A fourth-order phase-field model of crack initiation and propagation under thermomechanical loading solved with strong-form meshless method

Abstract

This study aims to develop a combination of the fourth-order phase-field method (PFM) and a strong-form meshless solution procedure for crack initiation and propagation under thermomechanical loading in two-dimensional brittle elastic material. The formulation involves thermal, mechanical and fourth-order phase-field equations. A spectral-split method decomposes the elastic strain tensor for physically correct crack propagation under mixed-mode thermomechanical loading conditions. The three coupled equations are solved in a staggered form. The domain discretization is based on regular or scattered nodes, overlapping subdomain division of the domain, and interpolation of the involved subdomain fields using third-order polyharmonic splines combined with second-order polynomial augmentation.
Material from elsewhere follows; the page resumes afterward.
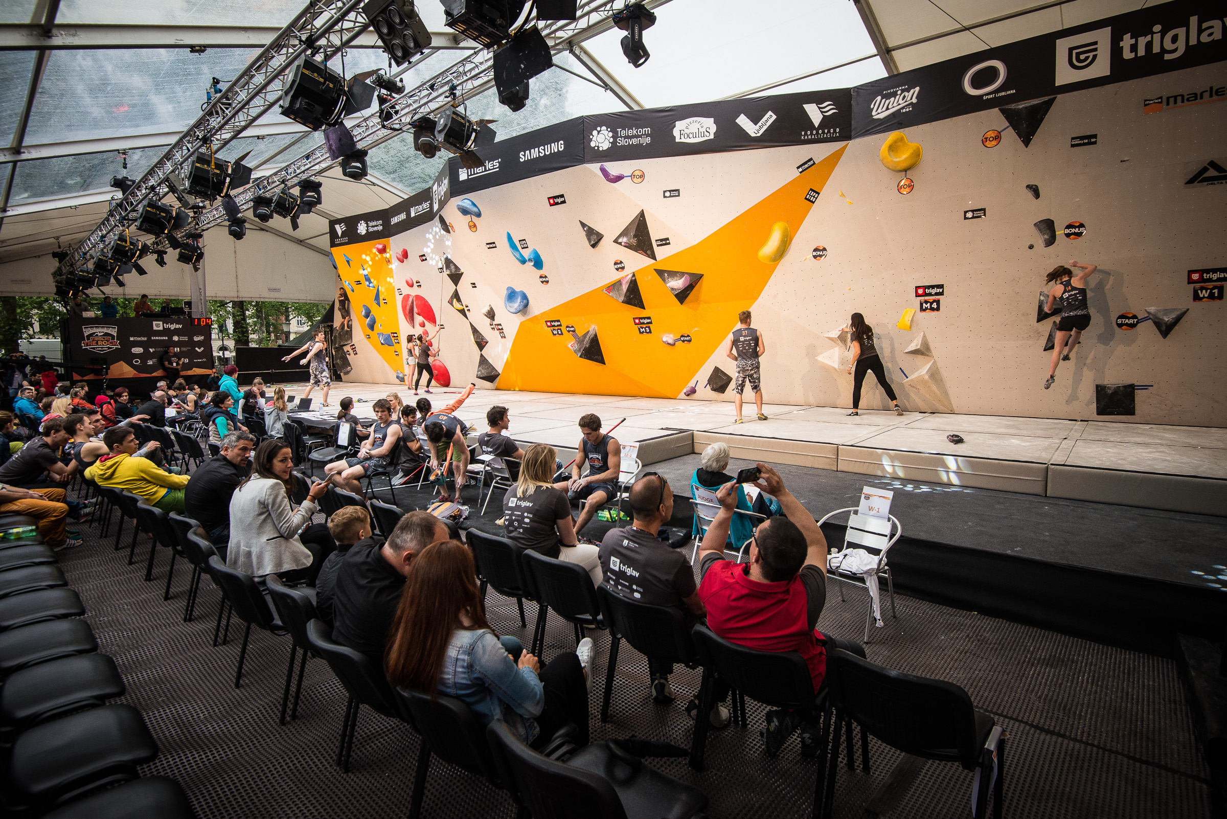 Kot je po prvem delu tekmovanja povedal Domen Škofic, vreme ne vpliva na tekmovalce, saj na steni zaradi montažne strehe, ki jo je organizator postavil ob slabši vremenski napovedi, nimajo občutka, da dežuje. Tudi vzdušje na Kongresnem trgu v Ljubljani je odlično, naključni obiskovalci in ljubitelji plezanja z bučno podporo navijajo predvsem za domače plezalce. Pred začetkom tekmovanja so se nekateri preizkusili tudi v aktivacijskem kotičku, kjer so lahko na različno postavljenih stenah preizkusili svoje plezalne sposobnosti in naredili prve korake v balvanskem plezanju.

The three numerical benchmarks include the pure thermal case, single-edge crack propagation under combined thermomechanical loading and quenching. The suitability and robustness of the proposed meshless approach are demonstrated on both regular and scattered node arrangements, and the corresponding second-order h-convergence of the displacement fields was shown for the subdomains with 13 nodes. The scattered node arrangement more effectively captures crack propagation under complex loading conditions. The originality of this study is twofold. It represents a pioneering approach using the fourth-order PFM to the thermomechanical brittle elastic system and the first solution to the related physical situation by a meshless method. The proposed method possesses a strong performance in terms of accuracy. The required dense node arrangement around the crack influences its computational efficiency. Further study will include an adaptive node arrangement scheme to enhance computational efficiency, enabling the extension to three dimensions.